Waraczynski, who studied in Germany through a Madison College program, is seeking to further broaden her understanding of world regions and global systems through a new partnership with the University of Wisconsin–Madison.
Starting this spring, the Global Studies Passport Program will offer opportunities and incentives for Madison College students to enroll in select international and area studies courses at UW–Madison. These courses are aimed at helping them appreciate how their own futures and the economies and cultures of Wisconsin and the United States intersect with realities of the larger world.
The program is open only to students enrolled in Madison College’s Interdisciplinary Global Studies Certificate program. Course credits earned through the program can be transferred back to Madison College and applied toward associate degrees or certificate requirements.
The two institutions developed the Global Studies Passport Program through a collaboration that involved the UW–Madison International Division and the area studies centers within the division’s Institute for Regional and International Studies (IRIS), and Madison College’s Center for International Education and School of Arts and Sciences.
“Some of the world’s leading figures in international studies are here at UW–Madison. We are delighted to offer Madison College students opportunities to learn from them.”
Registrars from both institutions, as well as UW–Madison’s Adult Career and Special Student Services, also worked together to help make the initiative possible.
“This partnership satisfies an ambition we’ve long had in our area studies centers to extend the instructional reach of UW–Madison’s world area experts to more residents of Wisconsin,” says James Delehanty, IRIS executive director. “Some of the world’s leading figures in international studies are here at UW–Madison. We are delighted to offer Madison College students opportunities to learn from them.”
“This program represents a new level of collaboration between our institutions to provide students with the global knowledge and skills needed today,” says Geoff Bradshaw, Madison College’s international education director. “Our hope is that this program will not only allow for expanded opportunities for students in our Global Studies Certificate, but also help students explore more advanced degrees and careers by taking advantage of the enormous resources for global learning afforded by UW–Madison’s Institute for Regional and International Studies.”
Support for this partnership is being provided in part through the U.S. Department of Education’s Title VI program, which provides funding for the area studies centers at UW–Madison. The federal priorities for Title VI programs include improving collaborations with community colleges to bring the advantages of regional and global study to more students at the postsecondary level.

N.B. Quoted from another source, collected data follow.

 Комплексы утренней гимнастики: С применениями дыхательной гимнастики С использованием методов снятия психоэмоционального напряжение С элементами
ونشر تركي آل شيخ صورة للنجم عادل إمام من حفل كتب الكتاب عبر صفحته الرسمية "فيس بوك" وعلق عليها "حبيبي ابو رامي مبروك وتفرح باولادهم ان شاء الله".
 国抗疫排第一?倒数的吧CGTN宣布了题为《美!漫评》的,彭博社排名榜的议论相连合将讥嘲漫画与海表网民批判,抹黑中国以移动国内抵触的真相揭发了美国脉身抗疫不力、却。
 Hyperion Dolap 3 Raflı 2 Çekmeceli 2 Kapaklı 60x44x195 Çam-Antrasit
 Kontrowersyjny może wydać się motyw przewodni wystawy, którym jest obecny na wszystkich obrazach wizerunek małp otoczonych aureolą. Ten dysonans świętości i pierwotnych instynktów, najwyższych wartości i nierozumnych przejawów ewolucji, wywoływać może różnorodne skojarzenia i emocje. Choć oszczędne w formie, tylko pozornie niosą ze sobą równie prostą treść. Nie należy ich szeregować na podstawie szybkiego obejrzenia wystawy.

“We are excited to offer Madison College students this opportunity to take language and international courses that would not otherwise be offered at a community college level,” says Todd Stebbins, dean of Madison College’s School of Arts and Sciences. “This agreement reflects our ongoing commitment to partnering with UW–Madison to increase opportunities for students.”
“I am excited to pioneer this program and have access to the knowledge and global perspectives that each school brings to the table.”

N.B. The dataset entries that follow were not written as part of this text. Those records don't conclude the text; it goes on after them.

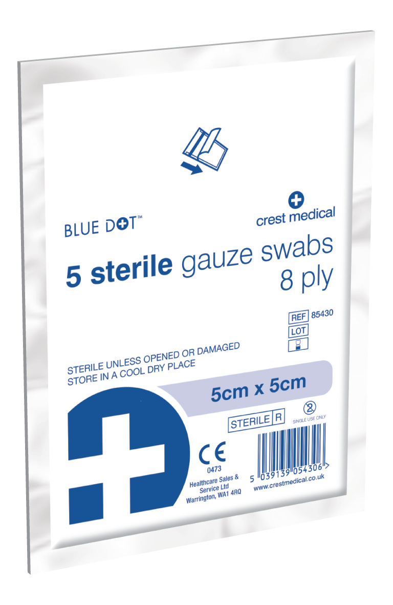 Pack of 5 Sterile Swabs 8 ply 5cmx5cm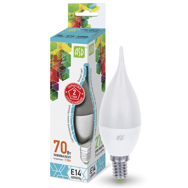 Светодиодная лампа ASD Standard Свеча на ветру 7,5W Е14 4000К обладает матовой колбой и изящным внешним видом. Это безопасный, эффективный и экологичный источник освещения. Элегантная форма лампы подчеркнет красоту Вашей люстры, а мягкое уютное свечение позволит создать комфортную атмосферу. Идеальный вариант для декоративного освещения в жилых помещениях – гостиных, обеденных зонах, спальнях и коридорах.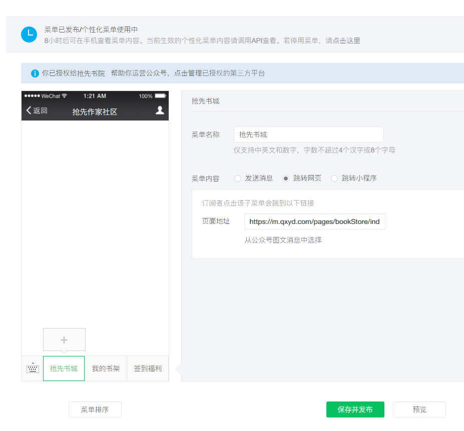 修改菜单后,用户会在24小时之内刷新菜单。取消关注并重新关注会即时刷新。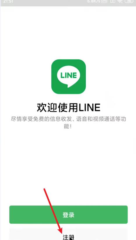 2、此时点击Line的注册按钮;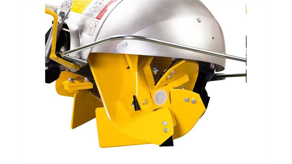 Each plowshare has four spiral blades that spin at 245 RPM on a vertical shaft, digging effortlessly into all types of soil—including hardened, rock-filled dirt that has yet to be broken. Debris is discharged to the left OR right side (not simultaneously), allowing the operator to build raised beds with multiple passes.

“This kind of initiative speaks to our commitment to the Wisconsin Idea and our mission to promote global awareness and prepare students for a diverse and interconnected world,” says Guido Podestá, vice provost and dean of the International Division. “We hope that this experience will inspire more Madison College students to continue pursuing their international interests, perhaps in one of our programs at UW–Madison.”
Madison College students participate in the program by enrolling in selected courses through UW–Madison’s special student program. They are subject to special student tuition and regulations. Enrollment in this program does not constitute admission to a degree program at UW–Madison.

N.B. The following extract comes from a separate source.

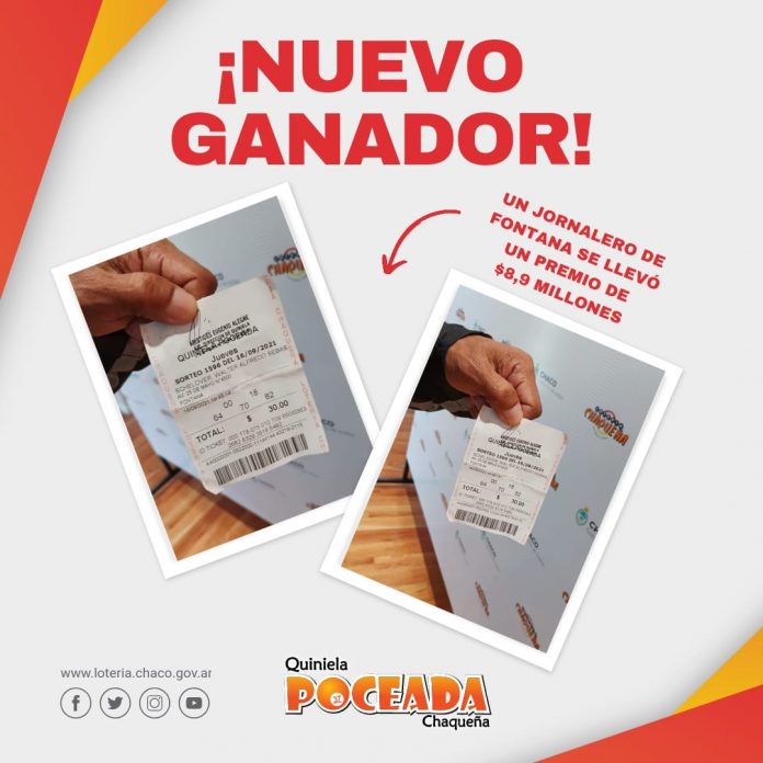 Locales | Un jornalero de Fontana pasó en la mañana del miércoles por las oficinas de Lotería Chaqueña para hacer efectivo el premio de casi 9 millones de pesos, que obtuvo durante el sorteo de la Quiniela Poceada Chaqueña del pasado jueves 16 de septiembre.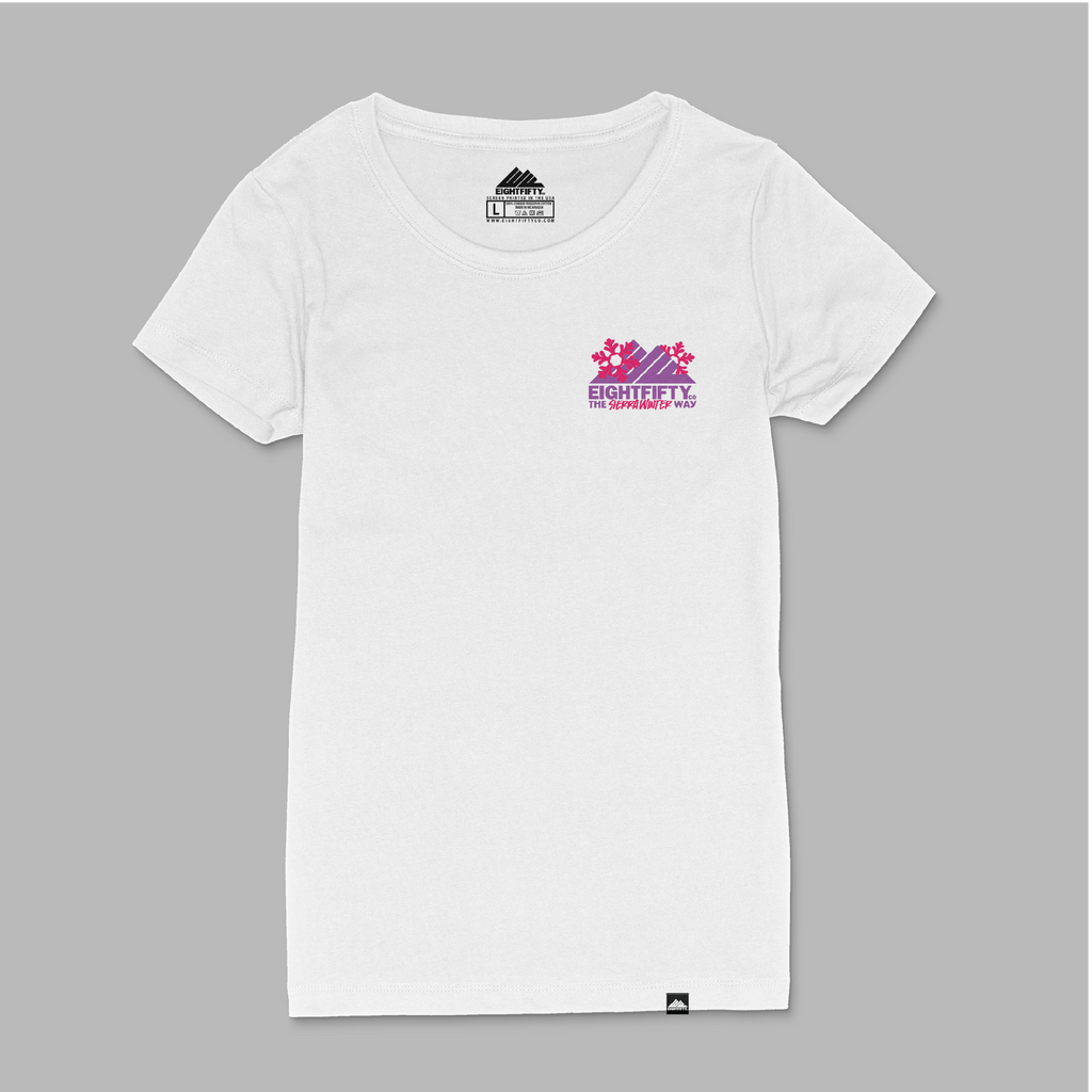 - Front Design: EightFifty Co. collab logo in purple, snowflakes in pink, “The Sierra Winter Way,” Sierra’s name in pink

Madison College, the second-largest school in the Wisconsin Technical College System, serves more than 40,000 students throughout a 12-county district in south-central Wisconsin. It is the greatest source of transfer students to UW–Madison.
“I am excited to pioneer this program,” says Waraczynski, “and have access to the knowledge and global perspectives that each school brings to the table. My only wish was to have been able to do this sooner.”